Learning to be leaders
MHS upperclassmen lead team building, violence prevention sessions at MVP summit
A changing of the guard took place among a group of Marshalltown High School students Wednesday, and that new guard will work with freshmen and take steps to reduce violence of all kinds.
“It stands for Mentors in Violence Prevention, and this is the second year we’ve implemented it into our freshman homerooms,” said MVP advisee and MHS English teacher Laurie Rink of the violence prevention and leadership summit that took place at Marshalltown Community College.
She said the goal of the summit was to have upperclassmen mentors help teach a group of underclassmen how to engage and mentor incoming freshmen.
“That’s our weakest point, so we’re focusing hard and heavy on that,” Rink said.
Participating students signed up for various “classes” set to take place through the morning and early afternoon. The topics covered included “Pillow talk,” which was focused on women in society, “Masculinity 101,” in which the concept of masculinity was discussed in a societal and personal context, and a class focusing on the Family Educational Rights and Privacy Act (FERPA) and confidentiality between mentors and freshmen.
Team-building was the central focus of the other two sessions, and those classes were led by senior mentors.
“It was very engaging,” said MHS sophomore Cale Wilson of the team-building session. “It was just fun to be there and learn.”
Fellow sophomore Michelle Macias said the activities helped her understand how to more effectively interact with freshmen mentees.
“It helped (inform) on how to approach them,” she said, adding she learned strategies for getting past awkward situations in the home room environment.
Sophomore Ruby López said other activities taught her strategies for starting productive conversations with mentees.
Among the team-building activities the students participated in was the “human knot” cooperative game. Students split into small groups and formed a tight circle. Each student took the hand of students across from them and had to work together to extricate themselves without breaking contact.
“Our whole goal is to prepare them (freshmen) for the future,” said MVP President and senior mentor Morgan Van Staalduine, adding freshmen can talk about serious topics in confidence with their mentors.

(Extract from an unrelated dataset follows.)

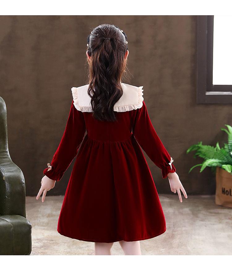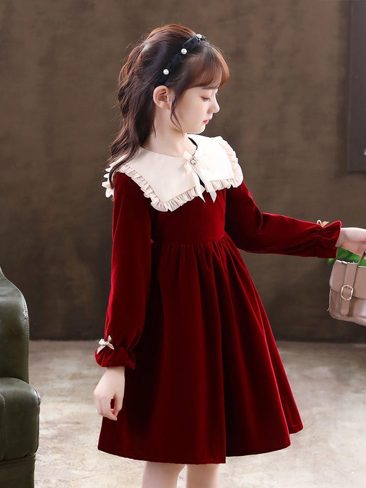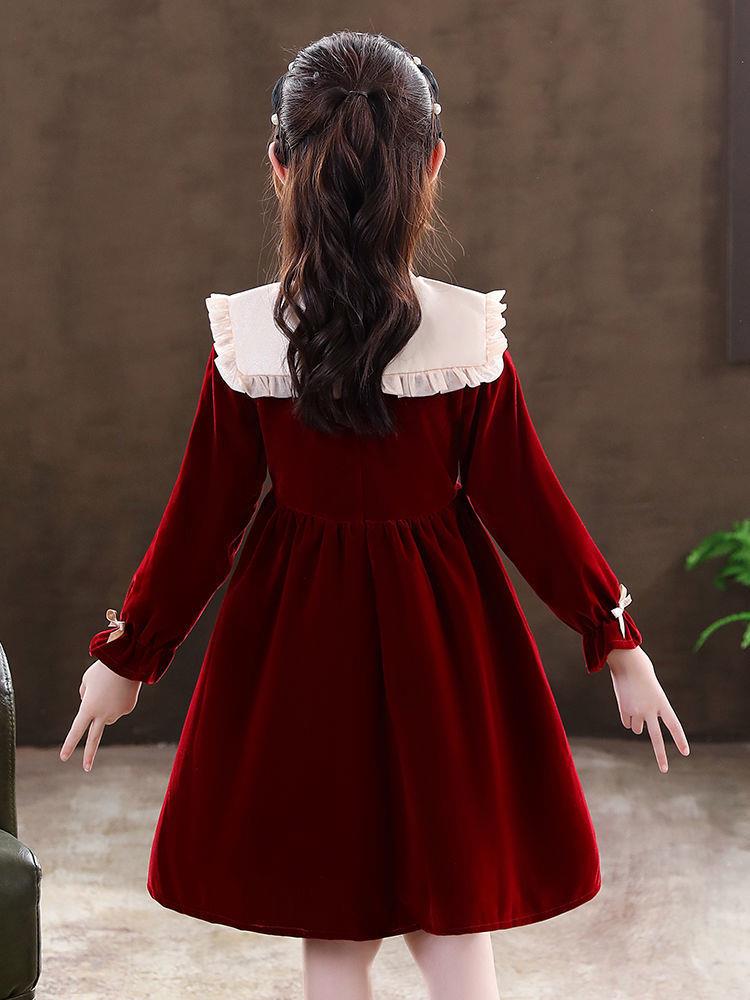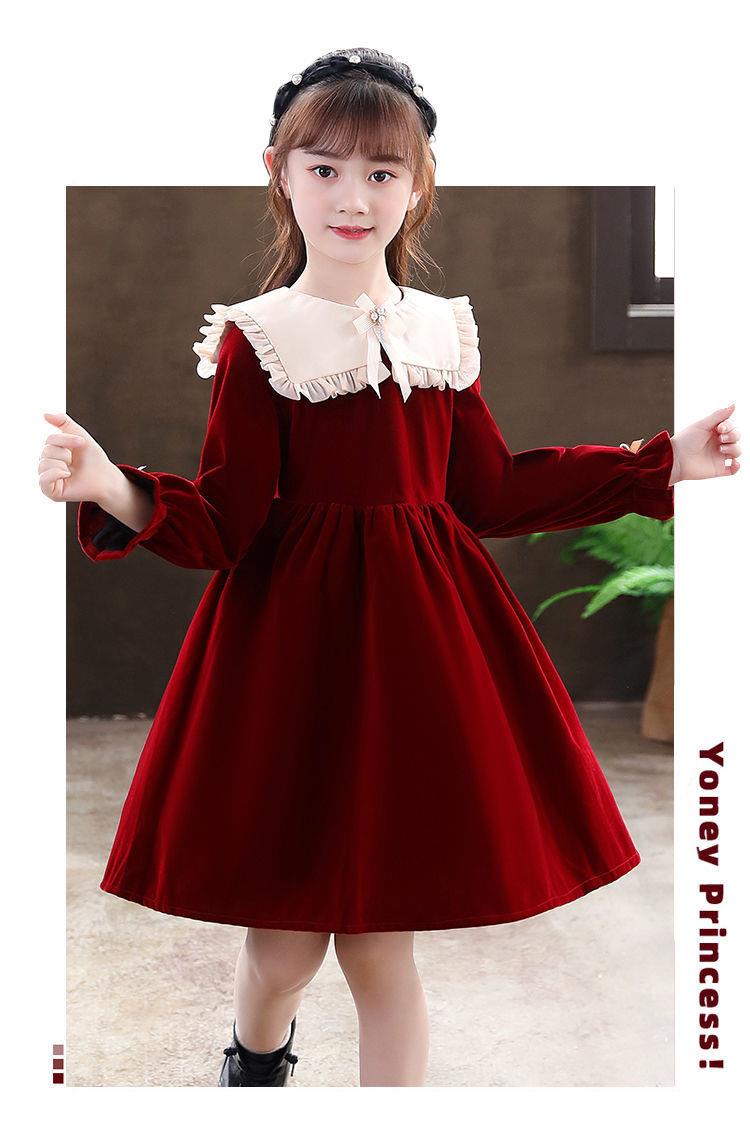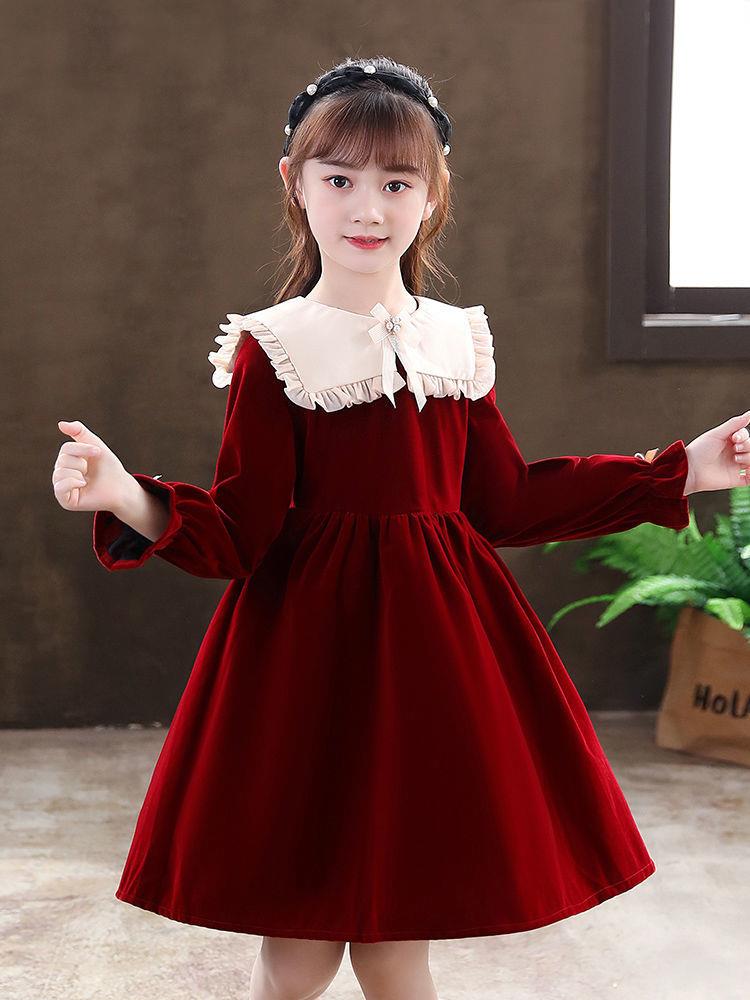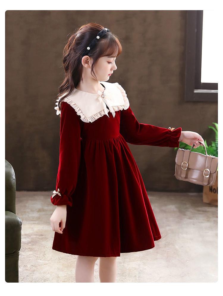 女童学生连衣裙春季新款洋气秋冬装小女孩公主裙儿童拜年服裙子潮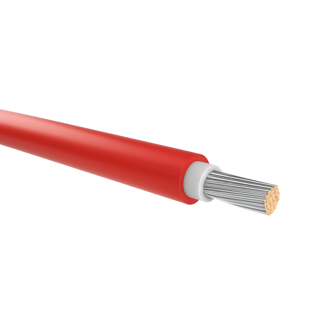 Fotovoltaický kabel H1Z2Z2-K 1x10 mm2 v červené barvě je spolehlivým prvkem každé FV instalace. Díky pocínované měděné žíle o průřezu 10 mm2 zajišťuje nízké přenosové ztráty i na dlouhých kabelových trasách – od stringů modulů až k měniči.

MPV Officer and senior Kobe Sandoval said social media, movies and other media may desensitize some students to certain forms of violence, including sexual violence and bullying, and added the mentoring program helps tell freshmen “This isn’t OK, and this is how you address it.”
The program also aims to give students tools to prevent or intervene in violent situations.
“We’re helping them be up-standers,” Rink said,
She added there are now students who were mentored as freshman reaching the age where they can become mentors.
“The exciting part is some of these kids have been there as freshmen, so now they’ll have been at both ends of that spectrum,” Rink said. “I hope that’ll make them better mentors.”